Notably absent from the cards which I received over the current festive season, were the ‘round robin’ letters that used to give me a potted summary of what had been happening in the lives of my friends and relatives, (notably the accomplishments of their offspring) over the past year. These notes were a great source of delight, although mischievous delight in some ways, as I unpicked the gloss to guess at the reality beneath the veneer of the perfect lives portrayed in the endless round of promotions, new houses and exam successes. Nowadays, all of the children have reached the age of adulthood, so they are less fruitful sources of ‘news’ for their parents, but most obviously, the regular ping of updates from social media has alleviated the need for the annual news missive. The creative talent required to concoct superlative, social media statuses for the festive season is usually beyond most of us, as we are exhausted by the need to star in our own lives the entire year round – so unless something astonishing happens (hopefully good rather than catastrophic!), the end of the year is celebrated not only by the vestiges of pagan tradition, but by wholesale summary and review posts. An outpouring of “In Case You Missed It” headlines.

The summary and review posts are also evident in the professional realm, and although my experience with social media is mostly limited to Twitter, it is clear that the turn of the year demands fierce promotion of what happened over the past 12 months.

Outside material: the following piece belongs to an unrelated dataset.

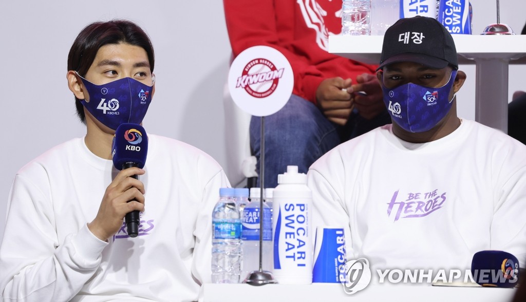 | ▲  Lee Jung-hoo of the Kiwoom Heroes (L) speaks during the Korea Baseball Organization media day at the Grand Hyatt Seoul in Seoul on March 31, 2022. (Yonhap) |

This manifests in posts labelled ‘highlights’, ‘top 10 best moments’ ‘top 10 worst moments’ and so on, and although I remember end-of-year reviews from the analogue world back in the day, (Number 1 hit records from Top of the Pops!) the pervasiveness of contemporary digital culture means we are now exposed to summaries and reviews of just about everything, from everyone we know. Because we can count it, we do.

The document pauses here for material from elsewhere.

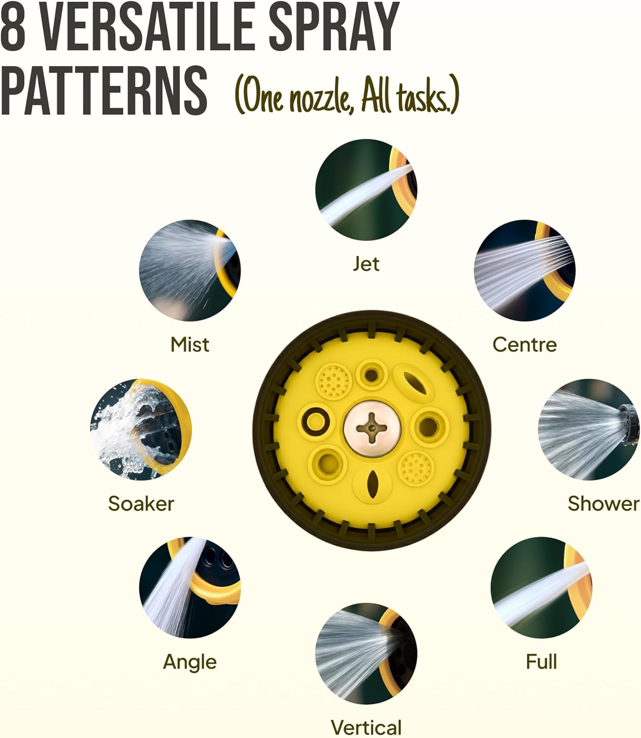 - 8 PRECISION SPRAY PATTERNS – Easily switch between mist, shower, jet, cone, and more. Perfect for gardening, car washing, pet cleaning, and patio rinsing.

Two things trouble me about this – the first is of little consequence, and is that with a few exceptions, I find these summaries tedious. I read the news/articles the first time around, and if I didn’t have time for something then, I certainly don’t over the festive period.

The second concern is metrics. Many of the summaries include numbers. Numbers of posts, followers, mentions, likes and downloads. Irrespective of meaning, measurement is implicit in any quantitative dialog, and the ease with which social media statistics are generated, encourages the feeling that more equals better.

The academic community has recently been treated to REF exercise, the metrics of which have generated much critique from more informed minds than mine. Nevertheless, academia, like the health service and other state-funded operations, faces increasing competition for increasingly limited resources, and so some way has to be found to ‘rank’ achievements, and to quantify ‘academic output’. Whilst I would like to argue that it is impossible, not only undesirable, to reduce academic/creative ability (which is wide and varied) to a number, numbers are increasingly the way in which we are judged. One problem with assigning numbers to aspects of our work (outputs) is that most of us, very sensibly, choose to focus our creative and research energy solely on the game of getting as high a number as possible for the criteria listed. It doesn’t matter if grant applications are unsuccessful, count the number of applications made

Relatively few of my immediate colleagues engage with social media, and so have yet to enter the arena for what are broadly referred to as altmetrics. But this will doubtless change as ways to count every utterance we make become more widely known.  I have colleagues from a wider pool of acquaintance who already promote the number of hits to videos of their lectures as a measure of credibility, even though it could also be a measure of how many students don’t think that their lectures are worth turning up to. This is not to say that numbers are always irrelevant or misleading. I am a known advocate of social media as channels of communication, and of course improving access to research, ideas and communities is beneficial to all. The thinking behind the numbers needs to be understood, but context is rarely immediate from altmetric visualisations. I am certainly not the first or only person to highlight that the attempt by everyone and their mum to achieve cult status by numbers, is, with the exception of one or two highly talented and/or lucky individuals, meaningless. If we are all celebrities, who is left in the audience? I come back to the contemporary need to star in our own lives, the measure of which seems to be large numbers of followers, and mentions of our ‘outputs’, on various social media channels, such as hits on shared decks of slides, references to blog posts and links to video uploads. I wonder, really, what any of this means, when so many of us are employing the same strategy. Perhaps what is needed is more discussion around what is meaningful ‘impact’.

In the current climate, many of us seem increasingly driven, even when we have nothing new to say, to communicate regardless. It’s a bit like going down the rabbit hole isn’t it? A fantastically busy journey at the end of which, when we wake up, nothing much has happened.